Long-term (2027-2028):
Potential biosimilar entrants or generics might emerge if patent challenges succeed past 2030, prompting a significant price reduction. However, preemptive patent extension strategies and value-based pricing models could delay such impacts. Under optimistic conditions, prices could stay within USD 9,000–9,500 per dose, with steady growth driven by increased indication scope.
Strategic Recommendations
- Pricing agility is essential, with a focus on demonstrating value through real-world evidence and comparative effectiveness.
- Market expansion into adjunct indications should be prioritized to maximize volume and support price sustainability.
- Partnerships and collaborations with payers will be crucial to maintain favorable reimbursement conditions and premium pricing.
- Cost management and supply chain optimization will allow flexible pricing strategies in an evolving competitive landscape.
- Monitoring regulatory developments and patent status updates are pivotal to safeguarding revenue streams and planning for potential biosimilar competition.
Key Takeaways
- NDC 23155-0749 holds a strategic position as an innovative NSCLC therapy with a differentiated efficacy profile.
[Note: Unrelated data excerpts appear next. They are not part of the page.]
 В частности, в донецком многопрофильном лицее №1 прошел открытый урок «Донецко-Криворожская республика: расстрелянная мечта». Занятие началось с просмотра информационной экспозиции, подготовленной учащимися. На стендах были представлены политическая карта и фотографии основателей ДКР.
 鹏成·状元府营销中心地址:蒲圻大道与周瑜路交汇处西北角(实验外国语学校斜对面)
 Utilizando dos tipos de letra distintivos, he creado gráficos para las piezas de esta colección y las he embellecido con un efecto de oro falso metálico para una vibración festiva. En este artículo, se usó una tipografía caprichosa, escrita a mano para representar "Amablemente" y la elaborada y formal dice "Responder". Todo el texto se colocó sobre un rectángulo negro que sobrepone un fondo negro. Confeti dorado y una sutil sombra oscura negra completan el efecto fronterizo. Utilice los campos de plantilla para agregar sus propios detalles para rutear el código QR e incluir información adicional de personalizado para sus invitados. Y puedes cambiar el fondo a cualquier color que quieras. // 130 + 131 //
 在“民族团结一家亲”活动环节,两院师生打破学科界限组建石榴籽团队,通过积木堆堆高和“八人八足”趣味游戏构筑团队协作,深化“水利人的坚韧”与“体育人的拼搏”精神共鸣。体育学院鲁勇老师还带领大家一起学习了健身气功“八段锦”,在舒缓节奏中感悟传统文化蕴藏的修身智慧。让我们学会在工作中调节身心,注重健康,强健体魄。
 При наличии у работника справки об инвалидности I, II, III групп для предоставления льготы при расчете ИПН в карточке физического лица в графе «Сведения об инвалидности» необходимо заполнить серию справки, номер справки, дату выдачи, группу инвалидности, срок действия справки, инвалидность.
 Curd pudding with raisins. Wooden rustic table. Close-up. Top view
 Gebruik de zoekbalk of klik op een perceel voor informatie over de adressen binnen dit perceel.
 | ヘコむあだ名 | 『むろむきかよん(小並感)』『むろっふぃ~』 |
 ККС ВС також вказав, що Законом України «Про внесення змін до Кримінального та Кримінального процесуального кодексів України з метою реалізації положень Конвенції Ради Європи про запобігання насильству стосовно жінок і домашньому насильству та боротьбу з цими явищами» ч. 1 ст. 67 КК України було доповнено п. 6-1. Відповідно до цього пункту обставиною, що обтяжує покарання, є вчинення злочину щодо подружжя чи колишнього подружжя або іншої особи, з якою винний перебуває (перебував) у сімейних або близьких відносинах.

- Market growth prospects are robust, supported by expanding immuno-oncology adoption and increasing NSCLC prevalence.
- Pricing stability is anticipated over the near term, with incremental increases aligned with inflation, clinical advancements, and market dynamics.
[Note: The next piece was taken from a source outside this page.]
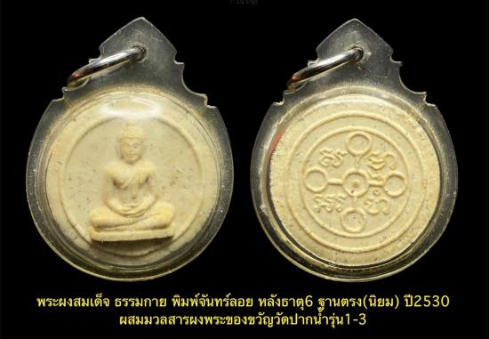 พระผงสมเด็จ ธรรมกาย พิมพ์จันทร์ลอย หลังธาตุ 6 ฐานตรง(นิยม) ปี2530 ผสมมวลสารผงพระของขวัญวัดปากน้ำรุ่น 1-3 เคาะเดียว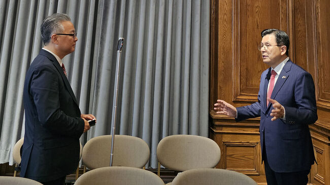 황교안(오른쪽) 자유와혁신당 대표가 25일(현지시간) 홍성구 뉴스앤포스트(NNP) 대표기자와 인터뷰하고 있다. / 사진=NNP-한미일보 공동 취재.

- Patent protections and premium positioning support relatively high price points, but impending biosimilar entries could challenge this in the next decade.
- Successful commercialization hinges on demonstrating sustained clinical value and engaging through payers and health systems.
FAQs
1. What factors influence the pricing of NDC 23155-0749?
Pricing is affected by clinical efficacy, market demand, patent status, reimbursement policies, manufacturing costs, and competitive landscape.
2. How does the therapeutic landscape impact the market for this drug?
The expanding use of immunotherapies and personalized medicine drives market growth, but increased competition and biosimilar development could exert downward price pressure.
3. When might biosimilars or generics affect the pricing of NDC 23155-0749?
Potential biosimilar entry could occur post-2030, contingent on patent expiration and regulatory approval timelines, likely leading to substantial price reductions.
4. What are the key strategies to maximize revenue from NDC 23155-0749?
Prioritize broad indication expansion, strengthen payer relationships through demonstrated value, optimize manufacturing efficiencies, and monitor patent protections.
5. How does clinical efficacy influence future pricing projections?
Superior efficacy and demonstrated survival benefits justify premium pricing, supporting sustained market share and revenue growth.
Sources
[1] MarketWatch, “Global NSCLC Treatment Market Forecast,” 2022.
[2] FDA, “Drug Approval and Regulatory Pathways,” 2021.
[3] IQVIA, “Pharmaceutical Pricing Trends,” 2022.
[4] EvaluatePharma, “Oncology Market Landscape,” 2022.
[5] Centers for Medicare & Medicaid Services, “Reimbursement Policy Updates,” 2022.